The Ron Hicklin Singers were a group of Los Angeles studio singers contracted and organized by Ron Hicklin.  They are mostly known as the real singers behind the background vocals on The Partridge Family recordings.

In Los Angeles studio circles in the 1960s through 1980s, they were the vocal equivalent of (and often worked with) The Wrecking Crew, performing backup vocals on thousands of songs, TV and movie themes, and as lead (while remaining anonymous) singers on thousands of radio and television commercials.

Cast
The core group usually consisted of (by Voice Type):
 Ron Hicklin - lead tenor
 Tom Bähler  - tenor
 John Bähler - tenor
 Stan Farber - tenor
 Jim Gilstrap - tenor
 Gene Morford - bass
 Al Capps - bass
 Sally Stevens - soprano
 Sandie Hall - soprano
 Carolyn Willis - soprano
 Jackie Ward  - alto
 Debbie Hall - alto
 Myrna Matthews - alto

However, this core group was often augmented with other specialist vocalists such as:
 Jim Haas - tenor
 Jerry Whitman - tenor
 Thurl Ravenscroft - bass (voice of Kellogg's Tony the Tiger of Frosted Flakes cereal for 50 years, and the vocalist for "You're A Mean One, Mr. Grinch")
 Mitch Gordon - bass
 Bob Tebow - bass
 Andra Willis - soprano
 Linda Dangcil - soprano
 Bob Zwirn - baritone
 Gene Merlino - baritone

Often they were not credited, or else were credited under other names. For example, when singing the TV theme of Love, American Style, they were credited as The Charles Fox Singers.

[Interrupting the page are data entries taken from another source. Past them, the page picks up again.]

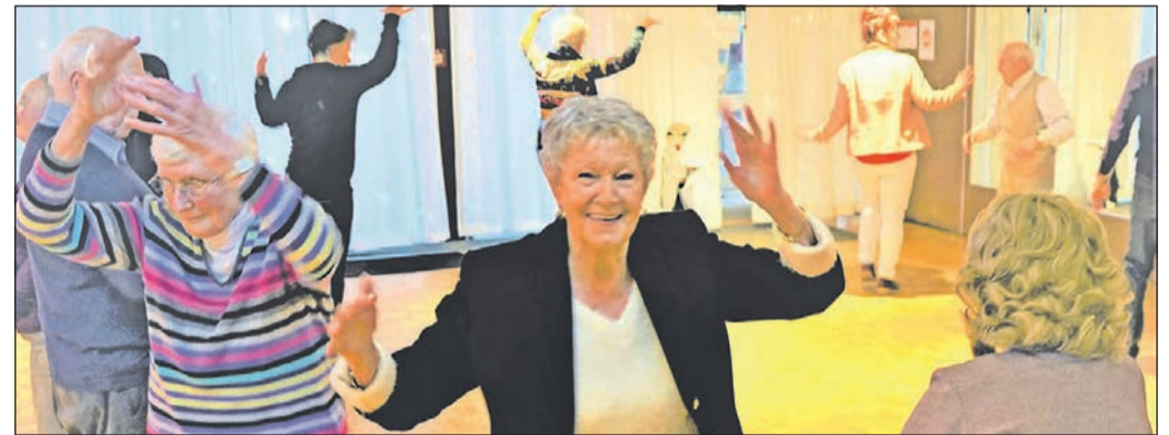
Viel Freude macht das Projekt „Wir tanzen weiter“ für Menschen mit und ohne Demenz. Dies geht jetzt in die dritte Runde, und die Anmeldung startet.

wichtiges und sehr bedeutsames Projekt für die Integration von Menschen mit Demenz. Die Andreasgemeinde freut sich, dass sie dafür die Tanzschule Pelzer in Bad Soden gewinnen konnte. Jeder ist eingeladen, sei es aus stationären Einrichtungen oder aus dem privaten Umfeld – in Begleitung von Ehepartnern, Pflegern, ehrenamtlichen Helfern oder Freunden. Getanzt wird jeweils freitags, am 5. Mai, 2. Juni und 7. Juli. Einlass ist um 13.30 Uhr und Tanzzeit von 13.45 bis 14.45 Uhr – unter der professionellen Leitung des Tanzlehrers und Unterstützung der Demenzbegleiterinnen – in der Tanzschule Pelzer, Zum Quellenpark 31, 65812 Bad Soden. Die Kosten betragen neun Euro pro Person. Eine Anmeldung ist erforderlich. Anmeldung unter Telefon 06173-7828730 oder per E-Mail an demenzberatung@andreasgemeinde.de . Infos gibt es im Internet unter www.andreasgemeinde.de/gemeindeleben/demenzzentrum .
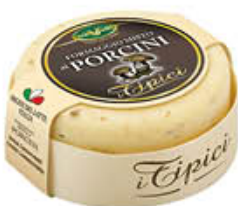
TREVALLI CACIOTTA MISTA FUNGHI PORCINI 180 GR
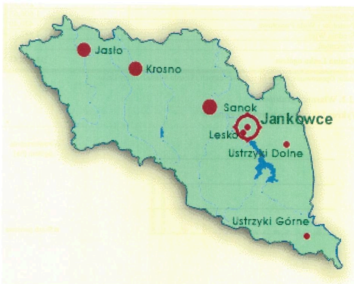
Mapa 1 Lokalizacja miejscowości Jankowce.
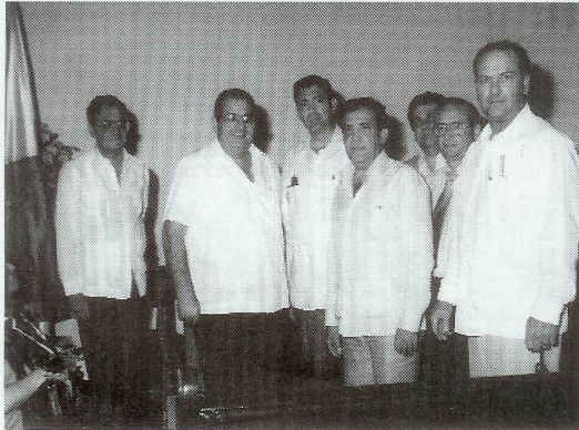
Leaders of MMT with President Guillermo Endara of Panamá. Year 1991
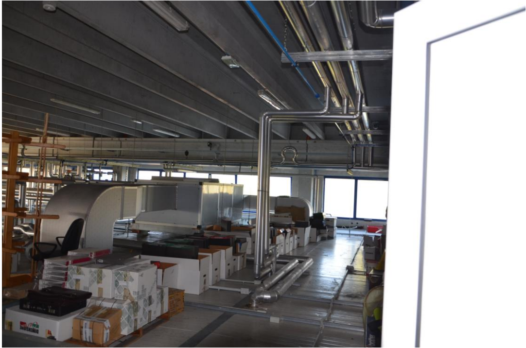
26. sottotetto zona macchine
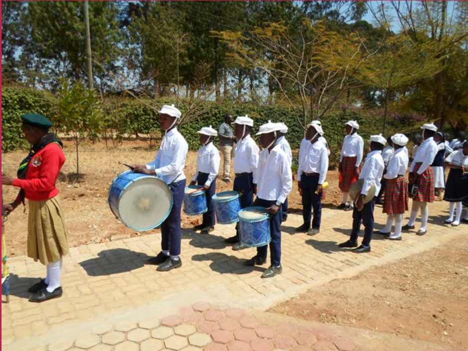
Auch die Instrumente des Schulorchesters wurden von unserer Gemeinde mitfinanziert.

Auch in der schwierigen Coronazeit läuft der Schulbetrieb an der Partnerschule unserer Gemeinde, der St. Charles Grundschule in Iringa, im Landesinnern von Tansania in Ostafrika, jetzt wieder mit vollem Programm, nachdem im letzten und vorletzten Jahr die Schule mehrere Monate wegen der Pandemie geschlossen war. Für die Schule ein doppeltes Problem: Die Schüler/innen mussten lange auf den Unterricht einschließlich der
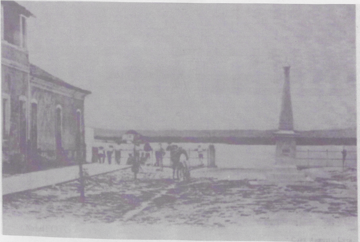
FOTO 1 – Cais Tavares de Lyra. Veja o fundo, do outro lado do rio Potengi, o início do povoado da “Corôa”.
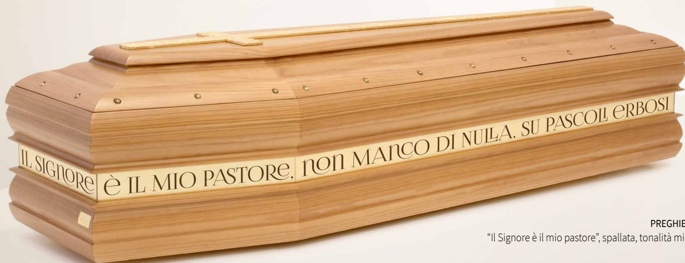
PREGHIERA "Il Signore è il mio pastore", spallata, tonalità miele

Il testo è impreziosito da uno sfondo in foglia oro e protetto da una teca in plexiglass originale.

Motion pictures, television and radio work
The group performed themes for major motion pictures in the 1960s, 1970s, 1980s, and 1990s.
 M*A*S*H (film)
Butch Cassidy and the Sundance Kid, "South American Getaway" written by Burt Bacharach
The Hunt For Red October, written by Basil Poledouris
Dances With Wolves, written by John Barry
Apollo 13, written by James Horner
Glory, written by James Horner
Hook, written by John Williams
Dirty Harry, and Magnum Force, written by Lalo Schifrin
Out of Africa, written by John Barry
Death Game, "Dear Old Dad" written by Jimmie Haskell with lyrics by Iris Rainer Dart
The Mosquito Coast, "Saviour, Like a Shepherd Lead Us" written by William Batchelder Bradbury
 Rosemary's Baby

The group also sang the themes for major hit-TV shows of the period:
 Love, American Style, with lead vocalist John Bähler (opening theme)
 Batman, (opening theme)
 Alvin & The Chipmunks
 Flipper
 That Girl, season 5 opening
 Happy Days, for which Jim Haas sang lead (opening theme)
 Laverne & Shirley, along with lead vocalist Cyndi Grecco  (opening theme)
 Wonder Woman, with John Bähler singing lead (season 2 opening)
 Angie, along with lead vocalist Maureen McGovern  (opening theme)

In addition, they sang many commercial vocals, including United States advertising campaigns for:
 Kawasaki - "Kawasaki, Let the Good Times Roll"
 Datsun - "Drive a Datsun, then Decide"
 McDonald's - "You Deserve a Break Today", written by Kenny Karen
 Wheaties - "Go Tell Your Mama What The Big Boys Eat", Clio Award Winner
 California Raisins - "Yum, Yum", 2 Clio Awards
 Gatorade - "Gatorade Is Thirst Aid For That Deep Down Body Thirst"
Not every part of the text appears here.